Categorizing articles with OMIM profiles

In the OMIM profile, cited references were embedded in different sections, such as clinical features, diagnosis, and clinical management. Such corresponding relationships between references and sections indicate the key contribution (i.e., category) of those articles. For instance, “Diagnosis of Wilson's disease: an experience over three decades” (PMID: 10673307) was cited in the “Clinical features” section for Wilson's disease (OMIM: 277900). It is clear that this publication aimed at reporting their experience over three decades in patients with Wilson's disease to illustrate the diverse patterns of clinical presentation (Gow et al., 2000). That is to say, we can group this article as a clinical feature-related category. Thus, while we extracted those references from each individual OMIM profile, we grouped them into different categories according to their corresponding sections.

Tagging articles with a predictive model

Epidemiology helps improve RD-related knowledge and facilitates policy decisions by considering the burden of RD in society. Given such incredible role of epidemiology plays in the field of RD, in our previous study (see text footnote 8), we developed a long short-term memory recurrent neural network-based epidemiology study predictor named ES_Predict to predict PubMed articles as epidemiology study. We applied the predictor over the collected PubMed articles to tag those predicted as epidemiology study.

Data model development

We defined a data model to semantically capture and represent various types of data we extracted from the RD-related publications. As shown in Figure 3, twelve primary classes were defined accordingly, namely, Disease, Article, Author, Journal, Keywords, MeshTerm, PubTator Annotation, FullTextUrl, Substance, MeshQualifier, JournalInfo, and OMIMRef. Notably, OMIMRef was defined to capture OMIM information and category information from OMIM, which is described in the “Categorizing articles with OMIM profiles” section. The twelve object properties were defined to capture semantic relationships among those primary classes, shown as edges in Figure 3. A total of 56 data properties to depict descriptive information were defined and attached to each corresponding primary class. The semantic annotations generated from the “Semantic annotation on PubMed articles” section were attached to the Article nodes as individual data properties. To be specific, “isEpi” was defined to indicate whether this article is epidemiology study based on the prediction result from the ES_Predict, for instance, “isEpi”=Y, indicating the article is predicted as epidemiology study.
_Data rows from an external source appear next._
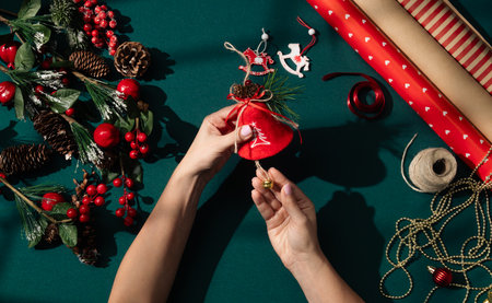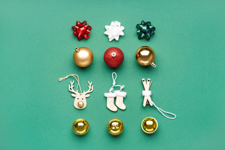 Festive holiday decorations arranged in a flat lay, ready for seasonal promotions.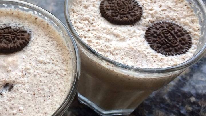 - ضعي قطع الأوريو في الخلاط و اخلطيها جيدا مع اللبن و الآيس كريم.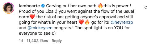 “Carving out her own path ? This is power! Proud of you Liza :),” Heart began.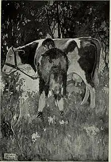 However, Jeremiah Curtin explains this differently: the form Glas Gainach which appears in one of his tales[16] contain a corruption of gaunach which is a cow with a yearling calf, which hasn't calved in the current year (a farrow cow). And the form Glas Gavlen in his Donegal version[17] references the cow-herder's term gavlen for a cow that has not calved in five years.[18]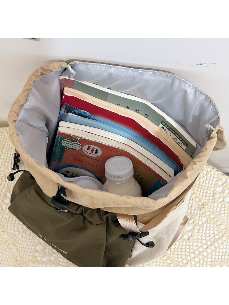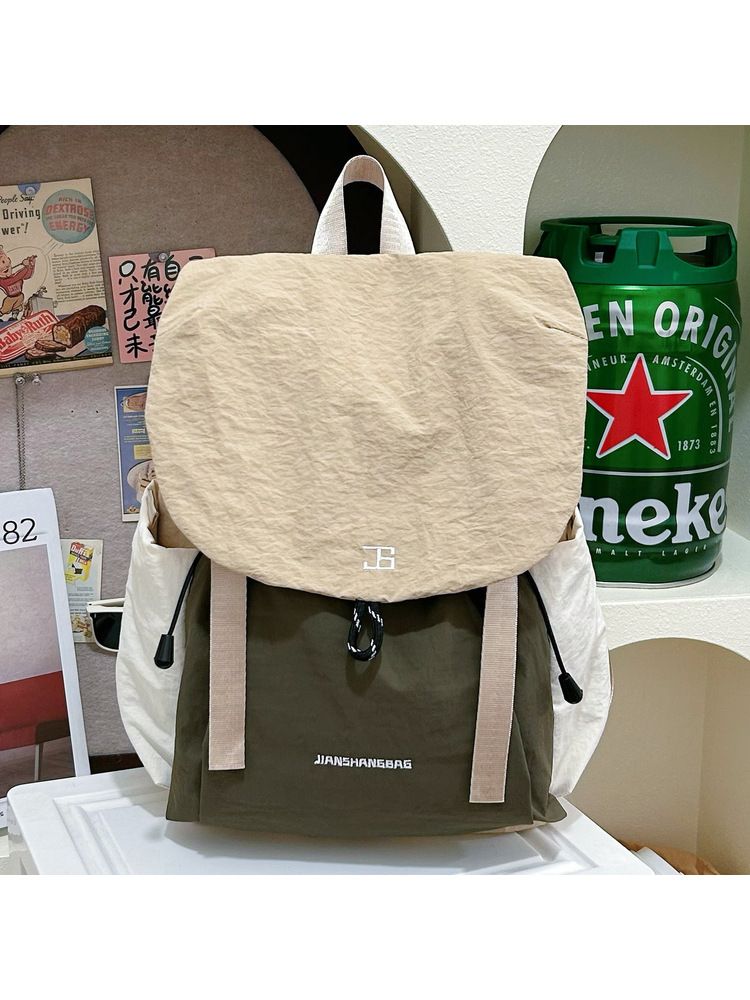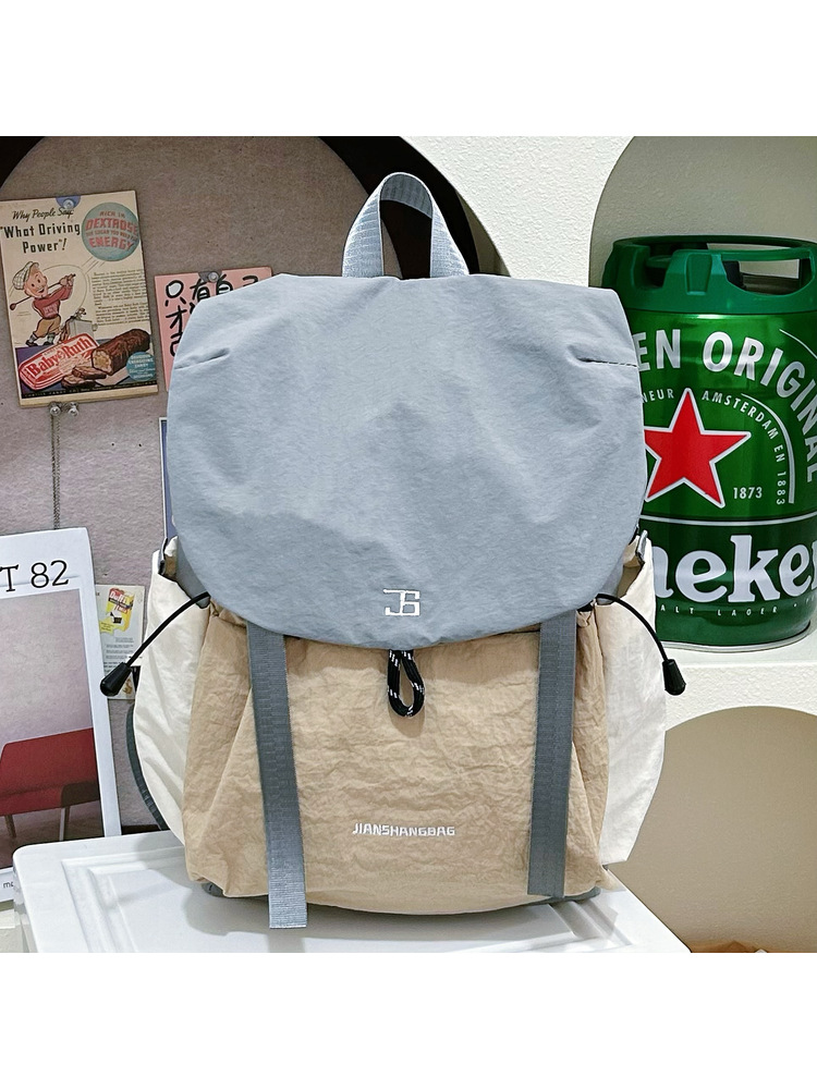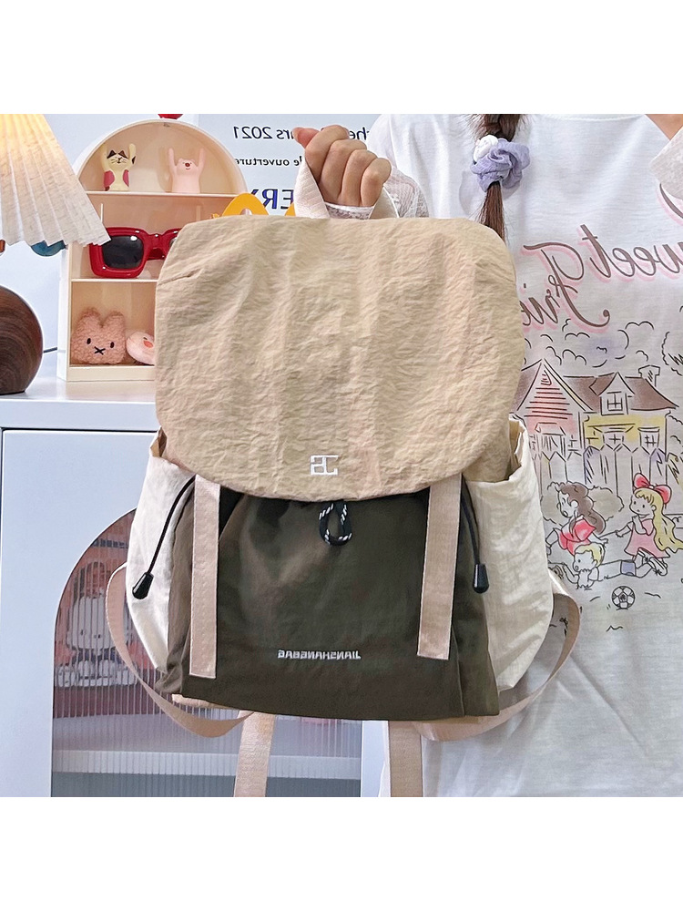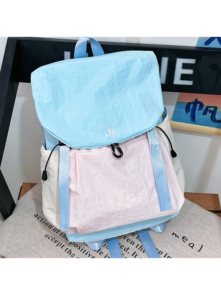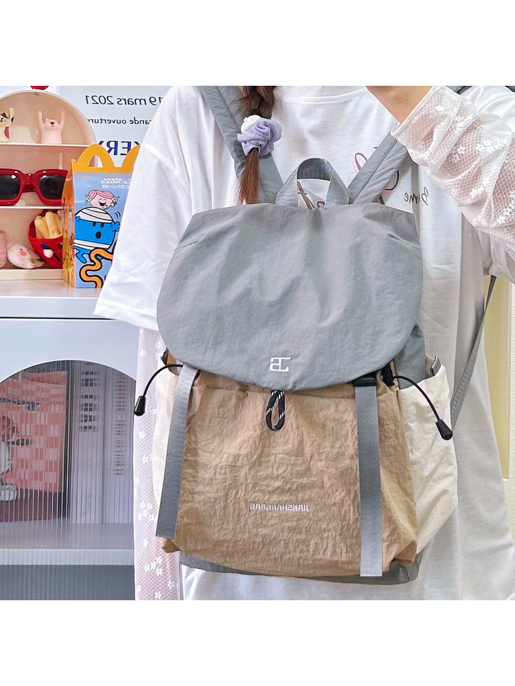 국경 간 새로운 경량 여행 배낭 트렌디 한 대비 색상 캡이있는 드로스트링 배낭 여성용 대용량 캐주얼 등산 가방

Another data property of “pubmed_evidence” is defined to denote that the article is from PubMed and “omim_evidence” denotes that the article is from OMIM. “refInOMIM” indicates that the article is from PubMed (i.e., “pubmed_evidence=true”) and also referenced by OMIM.
Figure 3

Data model and an example of information (data properties) about one article node.

Data model and an example of information (data properties) about one article node.
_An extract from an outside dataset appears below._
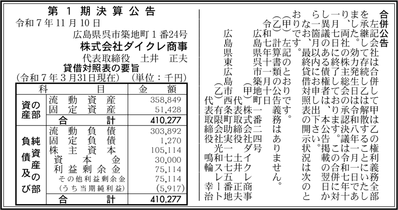 株式会社ダイクレ 広島県呉市 【2023年3月期】 |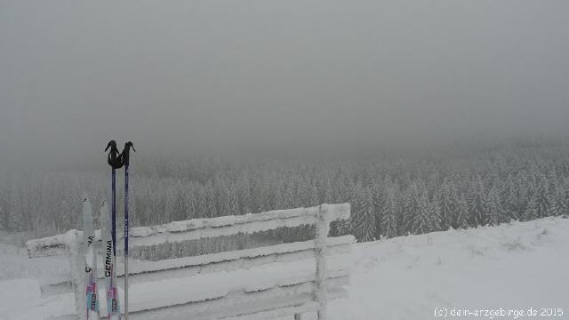 Bild: "beim Ski Langlauf ... in Mühlleithen im Vogtland-Erzgebirge" | Foto: "zw. Schöneck und Klingenthal (OT Mühlleithen) ... an den Loipen ... / ... hier auf dem s.g. "Panoramablick Schneckenstein" |

Knowledge graph development

Based on the data model we described earlier, we loaded extracted publication data along with their semantic annotations to a KG in Neo4j with the version 4.4.4. To be specific, different types of data have been loaded and represented by those twelve primary classes as nodes; object properties were applied to establish semantic connections between different nodes as edges, and data properties were attached to corresponding nodes as node properties. The KG is publicly assessable without login requirement at https://rdip2.ncats.io:7473.

Results

A total of 1,362,819 PubMed articles were retrieved from PubMed and OMIM. Out of 45,484 references (with PubMed ID) from 4,203 OMIM profiles, 22,628 references were overlapped with articles from PubMed. There were 5,843 GARD RDs for which PubMed articles were retrieved, and there were 218 GARD diseases without PubMed articles.

Results of semantic annotation

Pubtator annotations

There were 1,634,387 PubTator annotations generated from 1,318,815 PubMed articles. The number of annotations corresponding to each annotation type is shown in Table 1.
Table 1

PubTator annotation results.

Annotation types Counts
Disease1,051,402
Gene242,436
Chemical177,226
Mutation100,879
Species57,985
Cell line4,148
Genus255
Strain56
PubTator annotation results.

OMIM category

We categorized 45,484 references from OMIM into 18 different OMIM groups (i.e., sections), as shown in Table 2. Notably, one article might be grouped into multiple categories and multiple articles can be grouped into one same category for one RD. For instance, there are 15 articles associated with one OMIM concept (OMIM:200110, ABLEPHARON-MACROSTOMIA SYNDROME) and 12 of them are talking about clinical features for this disease, which can be viewed by executing the Cypher Query 3.
Table 2

Results of OMIM category.

OMIM categories #Articles
Clinical features20,406
Molecular genetics11,959
See also4,732
Mapping4,065
Inheritance3,312
Description3,114
Animal model1,775
Pathogenesis1,640
Clinical management1,392
Cytogenetics1,303
Population genetics1,240
Diagnosis1,190
History1,119
Genotype phenotype correlations737
Biochemical features717
Other features525
Nomenclature359
Heterogeneity246
Results of OMIM category. Cypher Query 3. p =(a:Article)-[:HAS_OMIM_REF]-(o:OMIMRef) o.omimId = a.pubmed_id    PubMed_ID, o.omimSections OMIM_Category

Epidemiology study tag

ES-Predict has been applied on 1,362,819 PubMed articles and it resulted in 254,723 articles being tagged as epidemiology study (“isEpi=Y”), which is accessible via the Cypher Query 4. Cypher Query 4. p = (a:Article) a.isEpi = a.pubmed_id

Results of the KG

The KG includes 9,643,202 nodes and 46,525,347 edges. Table 3 shows the number of nodes associated with each primary class. There are two types of FullTextUrl provided for most of the articles, i.e., Url to its full text in PDF, or Url to its journal page, so that the number of FullTextUrl is about two times more than the number of articles.
Table 3

Statistical results for the KG.

Primary classes #Nodes
Author3,154,451
FullTextUrl2,264,836
Substance47,506
PubtatorAnnotation1,634,387
Article1,362,819
Keyword556,496
JournalVolume537,679
MeshTerm46,862
OMIMRef18,455
Journal13,485
Disease6,061
MeshQualifier165
Statistical results for the KG.

Case studies

To demonstrate the use of this graph for supporting RD research, we performed two case studies.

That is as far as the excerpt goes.